They give a detailed review of their evaluation process, which was heavy touch and included a standardized bar to meet, ITN+ framework, delivery risks (eg. is 80% there 80% of the good?), and information value of the project. They tentatively plan to run it again in 2022, with a lighter touch evaluation process (extra time didn’t add much value). They also give reflections and advice for others starting grant programs, and are happy to discuss this with anyone.

Announcing BlueDot Impact

by Dewi Erwan, Jamie Bernardi, Will Saunter

BlueDot Impact is a non-profit running courses that support participants to develop the knowledge, community and network needed to pursue high-impact careers. The courses focus on literature in high-impact fields, in addition to career opportunities in the space, and bring together interested participants to help build networks and collaborations.

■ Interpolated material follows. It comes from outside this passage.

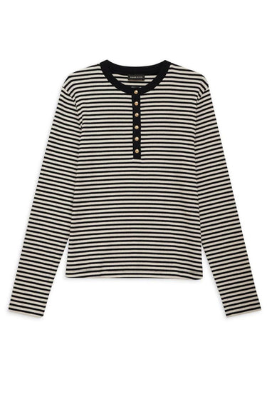 Fin tee fra Anine Bing med lange ærmer, rund hals og flotte guldknapper over brystet.
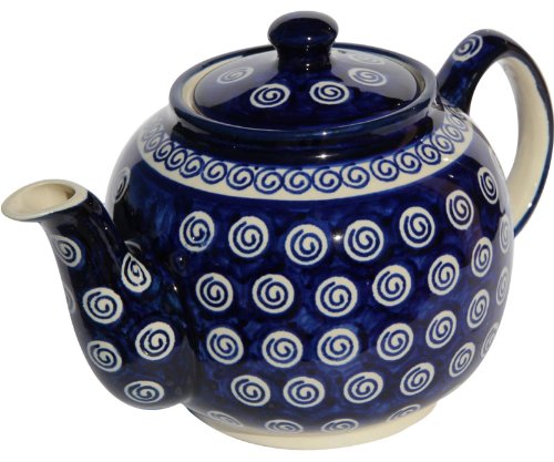 -. Title : Polish Pottery Teapot From Zaklady Ceramiczne Boleslawiec #596-174a Pattern, Height: 5.6" Capacity: 0.9 Qt.

They’ve made multiple improvements over the past few months including working with pedagogy experts to make discussion sessions more engaging, formalizing the course design process, building systems to improve participant networking, collating downstream opportunities for participants to pursue after the courses, and building their team.

You can register your interest for future courses here.

r.i.c.e.’s neonatal lifesaving partnership is funded by GiveWell; a description of what we do

by deanspears
r.i.c.e collaborates with the Government of Uttar Pradesh and an organization in India to promote Kangaroo Mother Care (KMC), which is a well-established tool for increasing survival rates of low birth weight babies. They developed a public-private partnership to cause the government’s KMC guidelines to be implemented cost-effectively in a public hospital.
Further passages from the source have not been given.